Dalam pengajian nyeri ada beberapa hal yang harus dikaji secara teliti untuk
mengetahui seberapa parah intensitas yang di alami oleh paseien yaitu Provokes/palliates
(penyebab nyeri), Quality (kualitas/rasa nyeri: ditusuk, teriris, terbakar atau direma)
Region (area nyeri), Scale (sekala) dan Time (waktu). Pengkajian nyeri menurut Powel et
al (2010) dan Krohn (2002) terdiri dari precipitating (memperberat dan meringankan),
quality, region/radiasi (area nyeri), scale (skala) dan timing (waktu). Pengkajian skala
nyeri merupakan pengkajian untuk menentukan keparahan atau intensitas nyeri yang
dirasakan pasien. Saat melakukan pengkajian nyeri pada pasien didapatkan penyebab
nyeri adalah terdaat radang ditenggorokan, nyeri terasa perih, nyeri terjadi pada
tenggorokan, sekala 4 dan nyeri terjadi pada saat batuk dan menelan.

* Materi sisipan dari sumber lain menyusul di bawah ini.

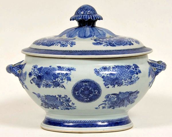 • <B>Sopeira</B>  oblonga em porcelana Companhia das Índias decorada em azul índigo "underglaze", no padrão "Fitzhugh". Pegas do bojo entrelaçadas e da tampa em modelado de pinha. Período Jiaqing. Compr. 35 cm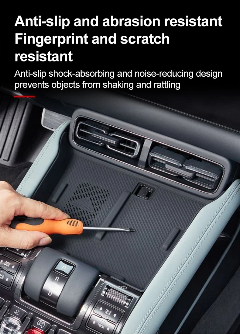 Keep your phone and small items secure, clean and charging-ready with this precision-fit silicone anti-slip mat designed for BYD Leopard 5 (2024) and Denza B5 (2023–2026). Engineered to protect the console from dust and scratches while allowing wireless charging to work seamlessly.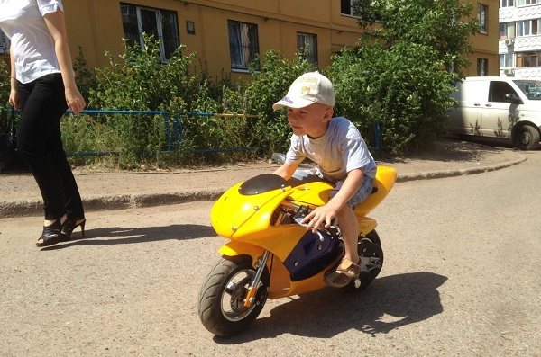 Возможно, вы видели на фото взрослых байкеров, которые ездят на подобном транспорте. Дело в том, что производители решили выпускать отдельную линейку специально для больших людей. Что касается детей, то купить детский мотоцикл на бензине следует в том случае, если вы уверены за безопасность вашего будущего гонщика. Перед покупкой мотоцикла обзаведитесь необходимой защитной амуницией (шлем, наколенники перчатки). Процесс обучения должен проходить на минимальных скоростях до 10 км/час. Популярность детских мотоциклов настолько выросла, что сегодня даже проводятся специальные соревнования.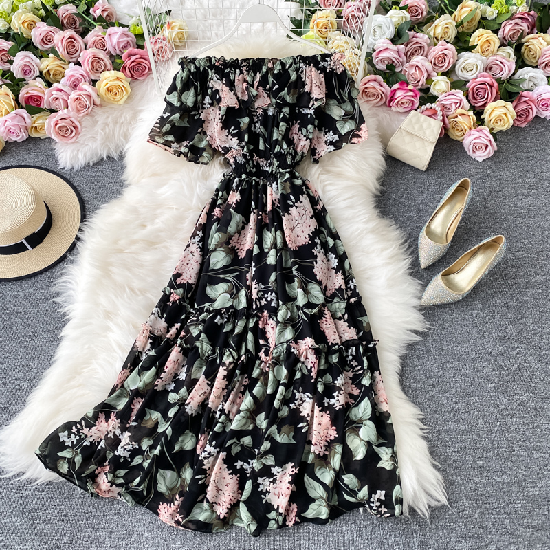 Strapless dress seaside holiday beach dress temperament purple floral skirt waist posed dress chiffon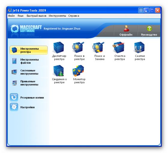 jv16 PowerTools 2009 - это одна из лучших программ для работы с системным реестром и поддержания в оптимальном состоянии. Включает в себя инструменты для работы с реестром: мощный менеджер реестра - позволяет работать со списком программ из автозагрузки и деинсталляции, со списком зарегистрированных в системе типов файлов, расширений, контекстным меню IE (с тем, в которое часто вставляют свои пункты менеджеры закачек) и некоторыми другими. Этот менеджер часто помогает вручную удалить остатки после автоматической очистки реестра программы. Возможно использование в локальной сети.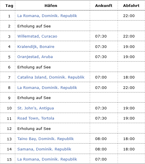 Kreuzfahrt Jahresauftakt in der Karibik: La Romana (Dominikanische Republik), Curacao, Bonaire, Aruba, Catalina Island (Dominikanische Republik), La Romana (Dominikanische Republik), Antigua, Tortola, Taino Bay (Dominikanische Republik), Samana (Dominikanische Republik), La Romana (Dominikanische Republik)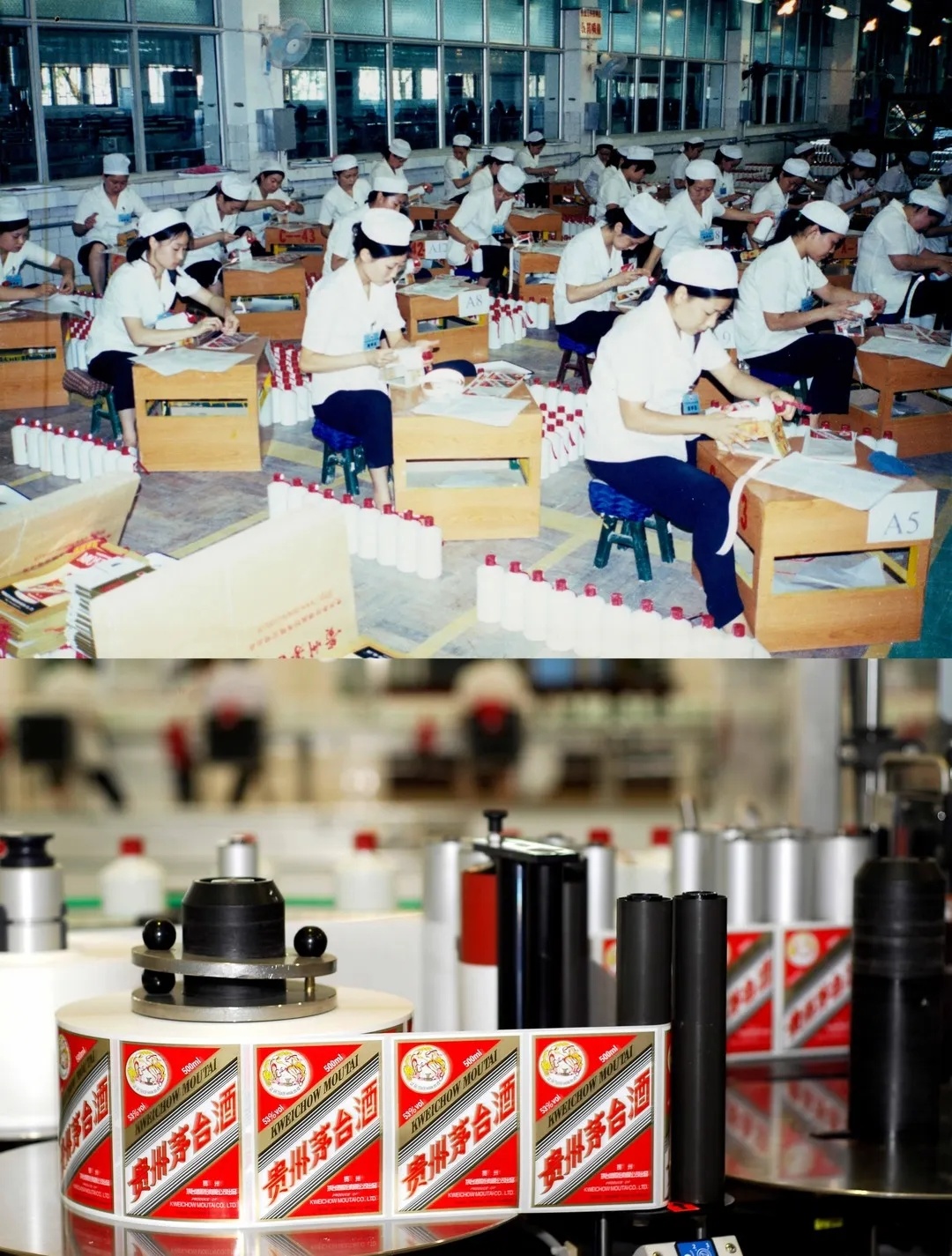 上(shàng)圖為(wèi)20世紀90年代手工貼标包裝場(chǎng)景;下圖為(wèi)當前使用自動貼标機貼标場(chǎng)景。新設備、新技(jì)術(shù)的引進,降低(dī)了工人(rén)的勞動強度,也大(dà)大(dà)提高(gāo)了生(shēng)産效率。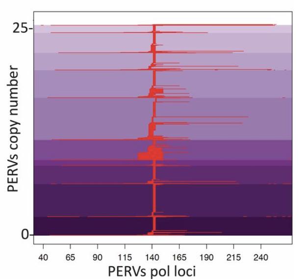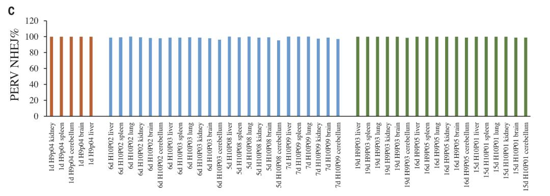 研究中,科学家们还检索了猪成纤维细胞基因组内存在的PERVs,共发现了25种。他们同样利用CRISPR技术将这25种PERV的基因位点灭活。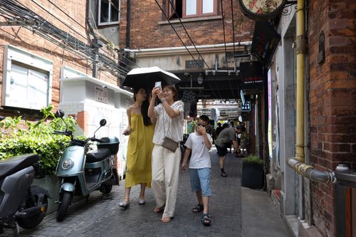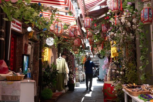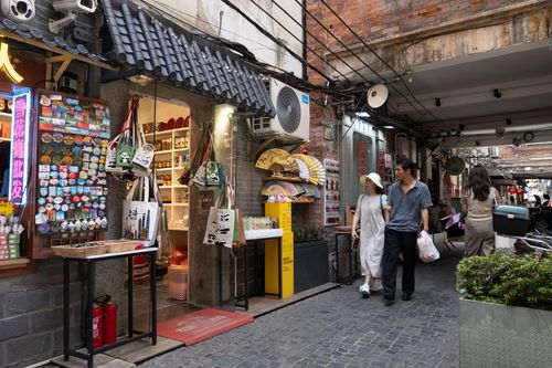 2024年7月16日,盛夏时节,上海黄浦区田子坊内游客如织,石库门弄堂景区内店招林立,夏日风景独好。

Penilaian sekala nyeri dapat dilakukan dengan beberapa cara yaitu penilaian dengan
menggunakan Visual Analogue Scale, Numeric Pain Rating Scale, Verbal Rating Scale
dan Faces Pain Rating Scale. Disini penulis menggukur skala nyeri dengan
menggunakan Numeric Pain Rating Scale atau penilaian menggunakan sekala nomor.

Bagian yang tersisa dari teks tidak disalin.